Это ж надо! Я, студент четвеpтого куpса мехмата, такого слова не знал.
- В модулятоpе числа Пи.
- Того, котоpое отношение длины к pадиусу?
- Ага. К двум pадиусам.
- Ясно.
Больше я уже ничего не спрашивал.
Сбросил на единственный стул куртку, взял линейку и...
Часа три я курил, считал, прикидывал, думал, проверял, пересчитывал и снова думал. Он же сопел у меня над уход как паровой движок, время от времени возвращая всё тем же хитрым движением на место вновь и вновь сползающие очки.
Я не ошибся. Он, похоже, действительно был первокуром, если вручную брал такие интегралы, от которых уже курсе на третьем шарахались не только студенты, но и преподы.
И я всё же нашел то, что искал. Ошибка была!
Ошибка? Ерунда, чушь, никакая не ошибка, - описка. Коэффциент, заблудившийся и попавший вместо знаменателя в числитель, что, в общем, неудивительно при общей громоздкости наивной в целом цепи рассуждений.
Стряхнув в набитую почти доверху пеплом и окурками поллитровую стеклянную банку пепел еще и с "краеугольного" листа и погасив туда же очередную, предпоследнюю из третьей уже пачки "Шипку" (этим добром у него как раз и была забита тумбочка под доской), я открыл было рот, чтобы просто и веско поставить, наконец, на свои места всё, включая самого этого салагу, этого сморчка, пацана, как вдруг, мигнув, погас свет.
- Где щит с пробками? - машинально, сбитый с толку, спросил я.
Пауза. Hепонятная пауза, после которой:
- Пробки? Пробок нет. Это двигатель... остановился.

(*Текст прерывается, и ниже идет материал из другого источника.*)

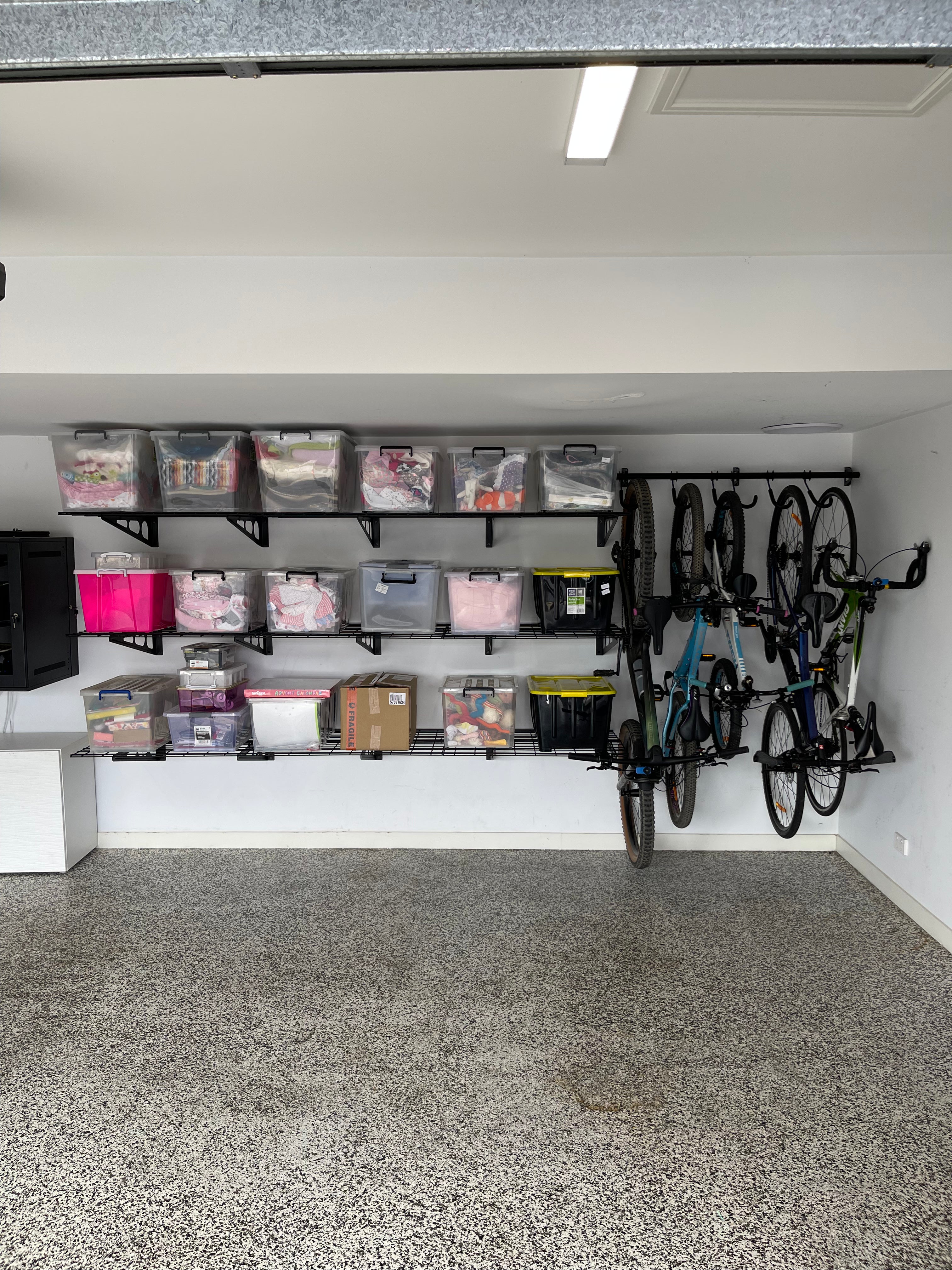 Achieve next-level organisation by combining vertical bike storage with high-capacity shelving.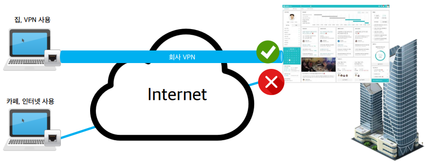 - VPN 사용 예시 #2: 집 혹은 카페와 같은 외부에서 기업 내부의 애플리케이션(사내 그룹웨어)에 안전하게 접속 가능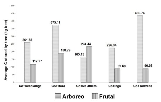 The results show that the Co + MaCi and Co + Talltrees AES present the species with the highest average values of C storage, and this is because more than 50% of the sampled species reached C storage greater than 200 kg. The lowest average values corresponded to the Co + MaOthers, Co + Inga and Co + AcaciaInga. In the fruit stratum, the highest values are distributed in the Co + MaCi and Co + MaOthers AES (Figure 3) because in these AES, the individuals of Mangifera indica are widely distributed with an average value of 429.60 and 767.8 kg C, respectively. The largest carbon storage by type of AES is associated with the presence of trees with higher values in height and DBH; the type of AES that presents individuals with lower carbon storage potential in the tree stratum corresponds to Co + Inga and Co + MaOthers, and in the fruit stratum corresponds to Co + Talltrees, Co + AcaciaInga and Co + Inga. The contribution of species depends on their density in each type of AES. The density of C by types of AES shows that with the exception of Co + MaOthers, the tree stratum always records the highest values (Table 5).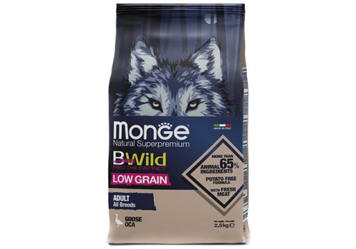 Monge Dog BWild Low Grain Adult All Breeds Goose Сухой Низкозерновой корм Монж Бивайлд для взрослых собак всех пород мясо Гуся 2,5 кг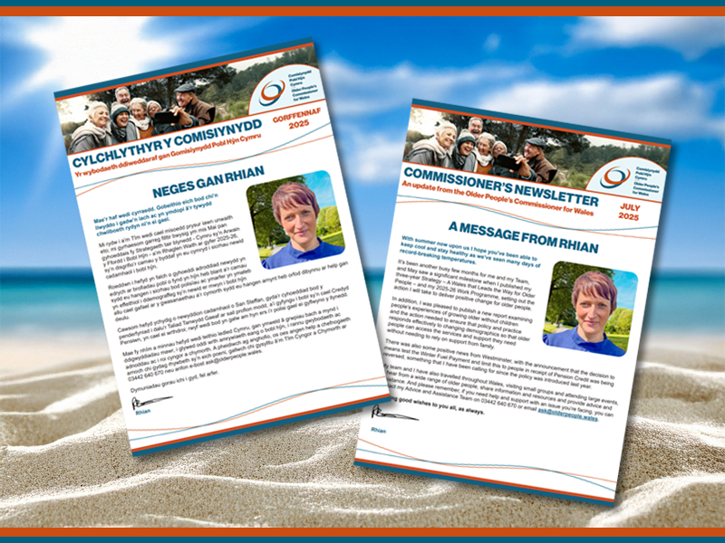 Read the Commissioner’s latest Newsletter and find out more about her work over the past few months to help create a Wales that leads the way in empowering older people, tackling inequality and enabling everyone to live and age well.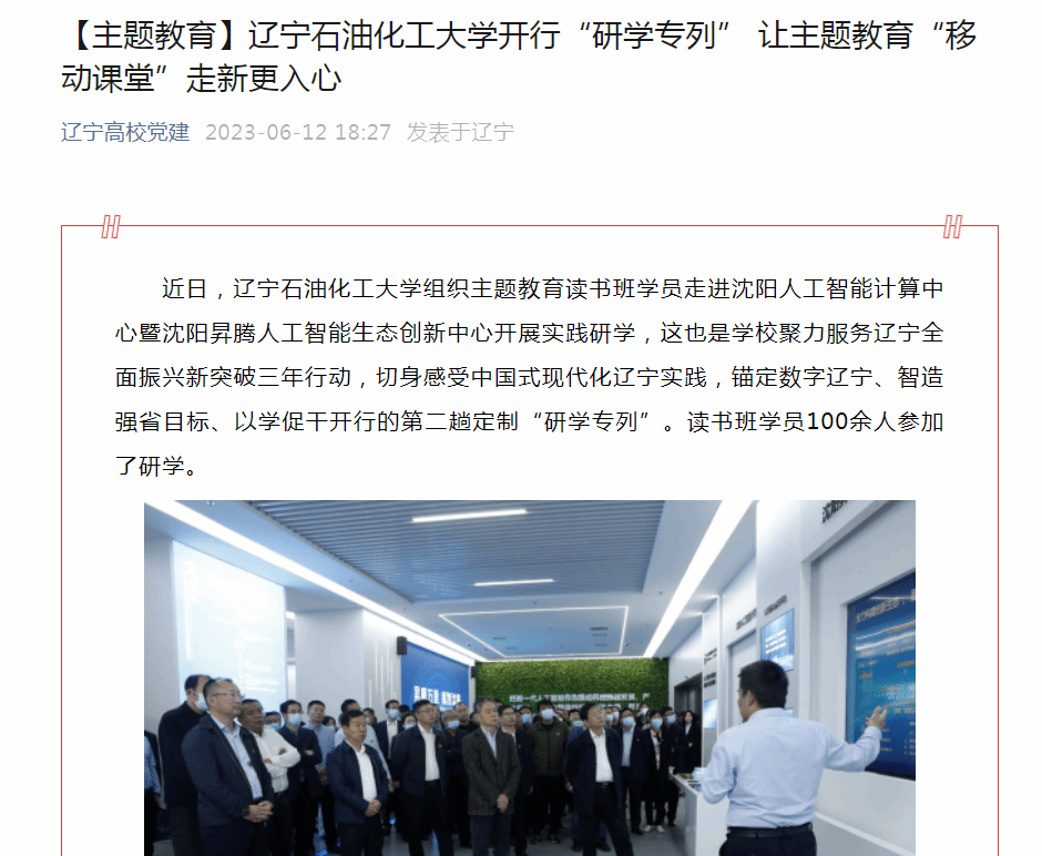 編者按:6月12日,遼寧高校黨建微信公眾號組織主題教育讀書班學(xué)員走進沈陽人工智能計算中心暨沈陽昇騰人工智能生態(tài)創(chuàng)新中心開展實踐研學(xué),這也是學(xué)校聚力服務(wù)遼寧全面振興新突破三年行動,切身感受中國式現(xiàn)代化遼寧實踐,錨定數(shù)字遼寧、智造強省目標、以學(xué)促干開行的第二趟定制“研學(xué)專列”進行了宣傳報道。現(xiàn)將相關(guān)報道轉(zhuǎn)載如下: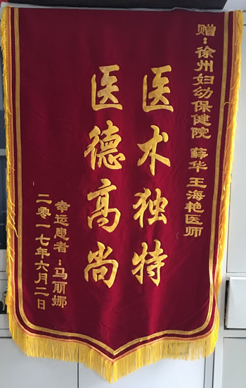 錦(jǐn)旗贈我院薛(xuē)華、王海燕醫師
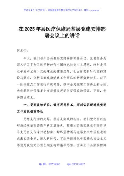 / 在2025年县医疗保障局基层党建安排部署会议上的讲话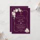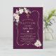 Dark Plum Blush White Flowers Gold Girl Baptism Invitation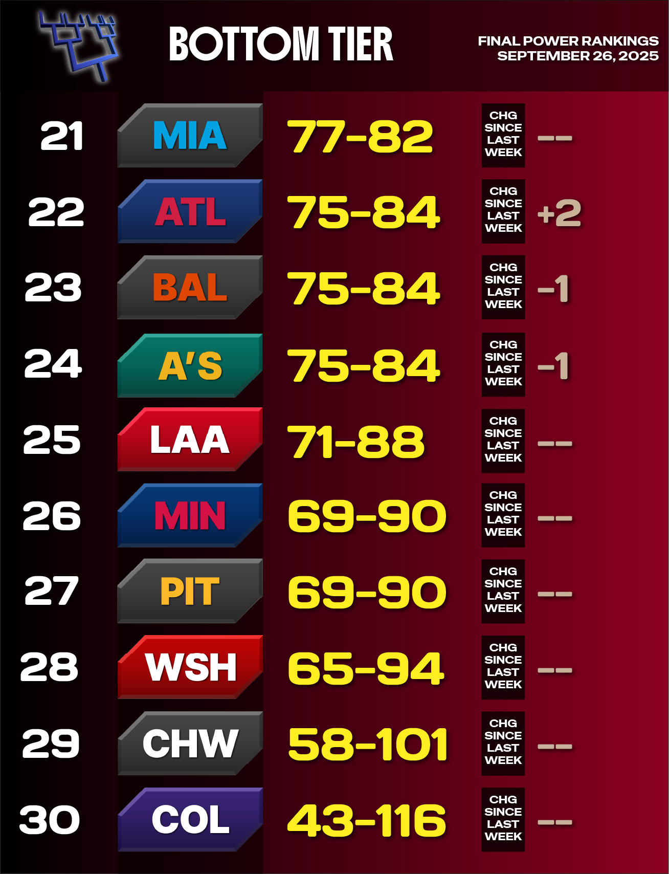 Milwaukee will end the regular season having been on top of our power rankings for nine weeks in a row. Remember, this is a squad that got off to a rough start in 2025, but surged to win their division, and will likely hold the best record in baseball when it’s all over.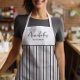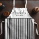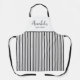 A simple, modern, personalized apron. This design has black and white vertical stripes with a stylish script text template for your name and classic style small type below for your location.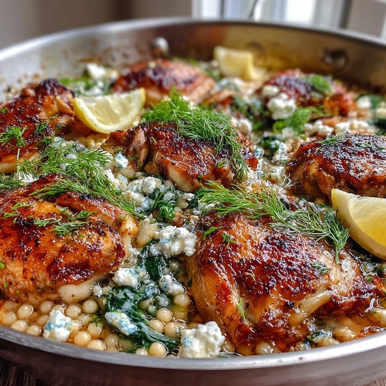 Save There's something about the smell of lemon and oregano hitting a hot skillet that instantly transports me to a sun-drenched kitchen I've never actually been to. My neighbor brought over this creamy Greek chicken and pearl couscous bake one evening, and I watched her work through the steps with such ease that I knew I had to make it myself the next week. The moment those chicken thighs nestled into that creamy couscous bed with feta crumbles scattered on top, I understood why she'd been raving about it. It's the kind of dish that feels fancy enough for guests but simple enough to throw together on a Tuesday night when you're tired of the usual rotation.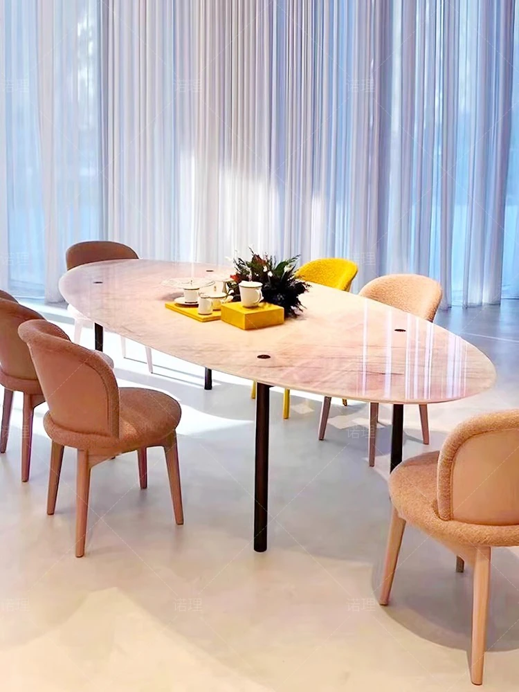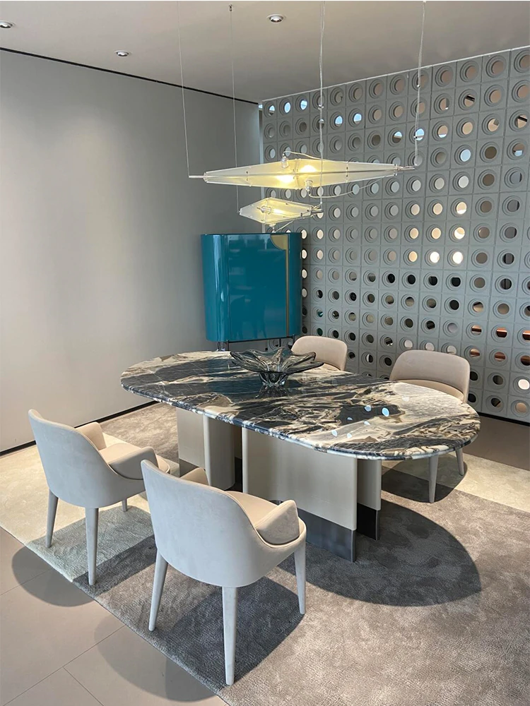 イタリアンラグジュアリー天然石ダイニングテーブル&チェアセット、エレガントなオーバルデザインのクリエイティブなロックプレート、洗練されたレストランスタイルの食卓。

Голос, произнесший это, был упавшим.
Он чиркнул спичкой и высветил угол с заветным агрегатом.
Рычаги на колесе еще чуть покачивались, но оно было уже мертво.
Умерла и спичка. А он, этот парень, зашипел, дуя, видимо, во тьме на обожженые ею пальцы. И - затих, словно исчезнув. Осталось одно слабое сопение.
И я ПОHЯЛ! Понял то, что было скрыто на свету, и ясно высветилось только в темноте.
Взяв наощупь куртку и шарф, я осторожно достиг двери.
Бывают, наверное, ситуации, когда лучшее, что можно сделать - это тихо уйти, но тихо уйти сейчас было бы по меньшей мере свинством. И я сказал:
- Старик, извини. Я дурак, я просто не подумал...
Что я еще мог добавить, какие слова? Теперь уже точно надо было просто уходить.
В кромешной тьме я дошел по чинному недвижному эскалатору почти до самой двери наружу, как вдруг он, проклятый, ожил и поволок меня назад, к комнате с двигателем. Да я и не сопротивлялся, а достигнув площадки, осторожно заглянул внутрь, где вновь горела лампа...
Двигатель работал опять! Будто не он прикидывался минуту назад полным трупом.
А парень - парень стоял посреди комнаты спиной ко мне. Стоял он на руках, и одна - расслабленная и полусогнутая - из его чуть покачивающихся в районе низкого потолка ног напомнила мне рычаг замершего некогда движка.
Очки его, чуть бликуя, лежали на полу, которого почти касался его по-девчачьи длинный хайр.
В таком положении он, видимо, чувствовал себя чудесно.
А дальше на стене у двери я нашел второй тумблер, заставивший эскалатор двигаться вспять, и мой бывший враг безмолвно доставил меня уже к самому выходу на улицу, чем я и воспользовался, чтобы никогда сюда больше не вернуться.
Я, кажется, понял, почему он заработал. А вы? Постарайтесь! Hикогда ведь не знаешь, куда может завести завтра какая-нибудь ерунда, вроде испорченной зажигалки, дымнувшей кофемолки, околевшего вдруг магнитофона или - тщательного поиска некой точной, некогда раз и навсегда кем-то отмензурированной истины.